Re: reverse mortgage?
Posted by: caesark, February 8, 2017 04:11PM
Drewremedy,

How can you say that? The reverse mortgage definitely entails costs, but in the described situation it would provide funds for living expenses for the remainder of the owners lifetime.

Re: reverse mortgage?
Posted by: Drewremedy, February 9, 2017 01:59AM
that's not what OP said...owner is debt free and collecting a stable SSD .....providing cash to somebody who is not interested in dealing with expenses does not appear to solve a thing and invites dissipation of funds....look, owner is free to convert his assets to cash and blow same on balance of his life ...but that wasn't the question posed . COnversely owner has nomsiry to preserve assets for the future enjoyment of OP. IF OP is ducking the practical issues of selling inherited property that's fine, somebody will do the legwork for a fee or lower price ...

I'd be real nervous about an old DIY will holding up....

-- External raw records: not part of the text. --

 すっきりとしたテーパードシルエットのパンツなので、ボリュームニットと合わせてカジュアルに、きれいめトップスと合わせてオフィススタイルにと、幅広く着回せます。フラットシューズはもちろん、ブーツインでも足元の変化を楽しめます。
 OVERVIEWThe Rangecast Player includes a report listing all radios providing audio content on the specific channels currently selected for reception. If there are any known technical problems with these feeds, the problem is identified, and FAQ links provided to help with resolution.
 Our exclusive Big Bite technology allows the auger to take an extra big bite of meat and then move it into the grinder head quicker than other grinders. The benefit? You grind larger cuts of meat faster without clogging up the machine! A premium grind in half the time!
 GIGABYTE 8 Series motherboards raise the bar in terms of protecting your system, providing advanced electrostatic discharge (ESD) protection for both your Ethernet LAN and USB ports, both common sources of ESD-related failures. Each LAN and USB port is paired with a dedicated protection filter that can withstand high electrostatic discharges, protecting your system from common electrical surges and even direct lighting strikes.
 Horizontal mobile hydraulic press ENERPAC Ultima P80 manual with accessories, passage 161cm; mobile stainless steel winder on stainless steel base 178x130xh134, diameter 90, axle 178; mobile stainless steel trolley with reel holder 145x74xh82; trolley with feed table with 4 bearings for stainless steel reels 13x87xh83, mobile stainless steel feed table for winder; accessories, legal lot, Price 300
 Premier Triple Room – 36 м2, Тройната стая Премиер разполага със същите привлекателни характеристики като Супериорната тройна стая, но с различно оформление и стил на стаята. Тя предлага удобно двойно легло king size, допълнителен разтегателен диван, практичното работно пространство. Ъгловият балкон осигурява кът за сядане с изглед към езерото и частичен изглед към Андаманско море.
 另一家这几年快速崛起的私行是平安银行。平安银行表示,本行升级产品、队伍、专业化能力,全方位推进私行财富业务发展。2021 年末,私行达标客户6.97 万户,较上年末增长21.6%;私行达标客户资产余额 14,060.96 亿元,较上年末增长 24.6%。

And to suggest that one borrow a lump sum at say 5% and some fees and deposit it in a bank at say 0.2 % is missing something in math 101 .

Re: reverse mortgage?
Posted by: 47Percent, February 11, 2017 03:30AM

"Sibling is not well and (Sibling)..is not very interested in dealing with own expenses past day-to-day stuff."

"I don't really want it, and inheriting it would be difficult due to great distance, etc. "

IMO, from your description of your sibling and yourself, going for a reverse mortgage would be like inviting the vultures to feast on you when you are alive.

One missed or delayed property tax payment, and someone is going to be thinking really hard as to why the condo should not be reprocessed and the resident thrown out. If you think that won't happen, think again..

[www.huffingtonpost.com]

There are more of them where this guy came from.

Just assume that everyone is out to get you and rip you off, because that is much closer to the truth than anything else. This is absolutely true in the financial industry. Nobody gets into it for altruistic purposes.